The election in the Heitgers' neighborhood may come down to a referendum on the economy. Republican claims of continued prosperity were bolstered by Friday's announcement that unemployment dropped 0.2 points in September, to 5.4%. But the Democratic argument that most new jobs tend to be low-paying was also bolstered, by a 1.3% decline in inflation-adjusted hourly wage rates.
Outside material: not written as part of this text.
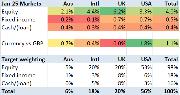 The markets seem to like Donald Trump. Trump’s inaction over his promised tariffs proved to be a tonic, adding to the cocktail of animal spirits/deregulation that Trump appears to represent. US equities rose over 3%, and the USD rose nearly 2%, so in GBP terms USD equities were up over 5%. International (i.e. non-US) equities rose too. Notably FTSE was up over 6%, the strongest month for over 2 years. Bonds were more of a mixed bag, and the GBP fell very slightly.

Statistics like these are probably less important than personal perceptions. After the debate, Larry Kirsch, 57, a factory worker who has survived layoffs, and his wife Mearl were at the center of an argument about the local economy. Finally, Mearl turned to her friends and complained laughingly about her husband: "He's the one who has been screaming for eight years about the bad things Reagan did to us, and now he's gone all wishy-washy and is saying things aren't so bad." If that is the final verdict of west Toledo, Bush may successfully hold on to his slim but continuing lead in the polls.